> **TASK DESCRIPTION**:
An exact transcription of all the data is required, with every image removed.

> **SOURCE DATA**:
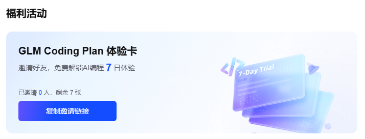 如果你想先试试,现在智谱开放了GLM Coding Plan 7天体验卡
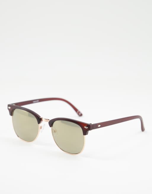 ASOS DESIGN – Brązowe okulary przeciwsłoneczne w stylu retro ze złotymi oprawkami
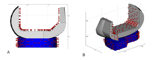 Figure 3 Loads, constraints and boundary conditions for A) longitudinal cross section and B) isometric FEM model.
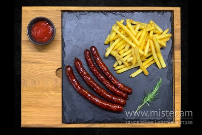 Чотири мисливські ковбаски з картоплею фрі та кетчупом.
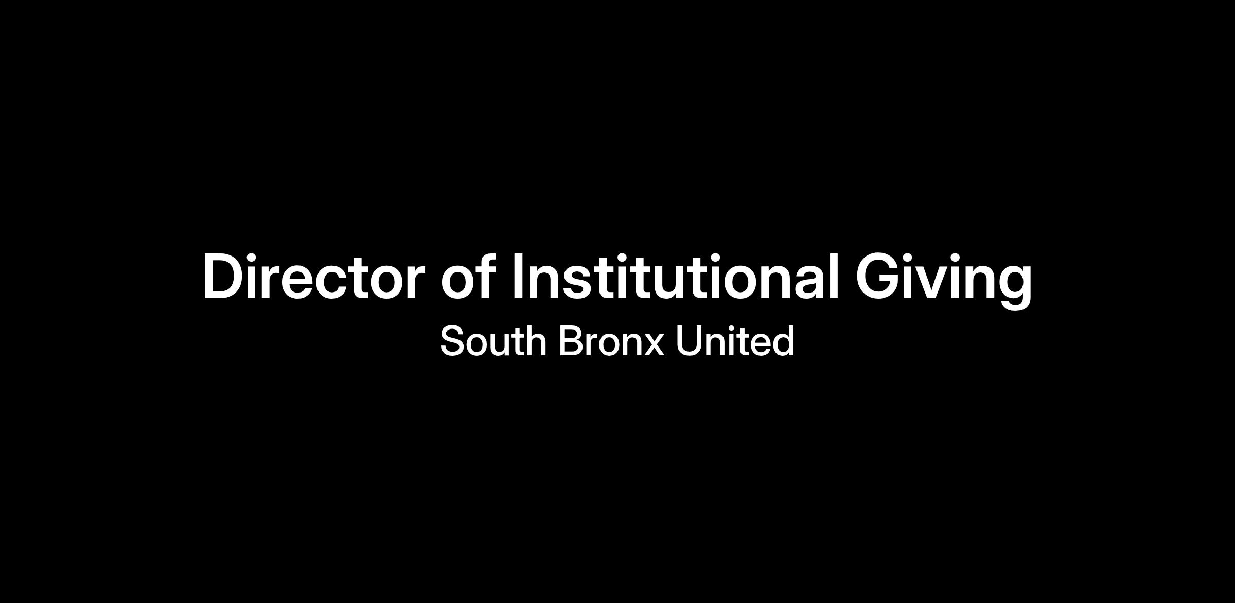Send a cover letter specific to this position with a resume and subject line: “Director of Institutional Giving” to hiring@southbronxunited.org
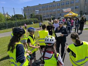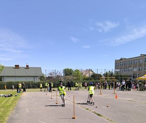 Po części oficjalnej i teoretycznej, uczniowie przenieśli się na szkolne boisko, gdzie przygotowano specjalny tor przeszkód. Tam dzieci miały okazję sprawdzić w praktyce swoje umiejętności jazdy na rowerze, hulajnodze i rolkach, jednocześnie utrwalając zdobytą wiedzę o bezpiecznym poruszaniu się w ruchu drogowym. Rada Rodziców wychodząc naprzeciw zabawom sportowym dzieci, przygotowała odpowiedni zasób energii w postaci owoców czy owocowych sheików.

> **PROBLEM SOLUTION**:
 如果你想先试试,现在智谱开放了GLM Coding Plan 7天体验卡
 ASOS DESIGN – Brązowe okulary przeciwsłoneczne w stylu retro ze złotymi oprawkami
 Figure 3 Loads, constraints and boundary conditions for A) longitudinal cross section and B) isometric FEM model.
 Чотири мисливські ковбаски з картоплею фрі та кетчупом.
Send a cover letter specific to this position with a resume and subject line: “Director of Institutional Giving” to hiring@southbronxunited.org
 Po części oficjalnej i teoretycznej, uczniowie przenieśli się na szkolne boisko, gdzie przygotowano specjalny tor przeszkód. Tam dzieci miały okazję sprawdzić w praktyce swoje umiejętności jazdy na rowerze, hulajnodze i rolkach, jednocześnie utrwalając zdobytą wiedzę o bezpiecznym poruszaniu się w ruchu drogowym. Rada Rodziców wychodząc naprzeciw zabawom sportowym dzieci, przygotowała odpowiedni zasób energii w postaci owoców czy owocowych sheików.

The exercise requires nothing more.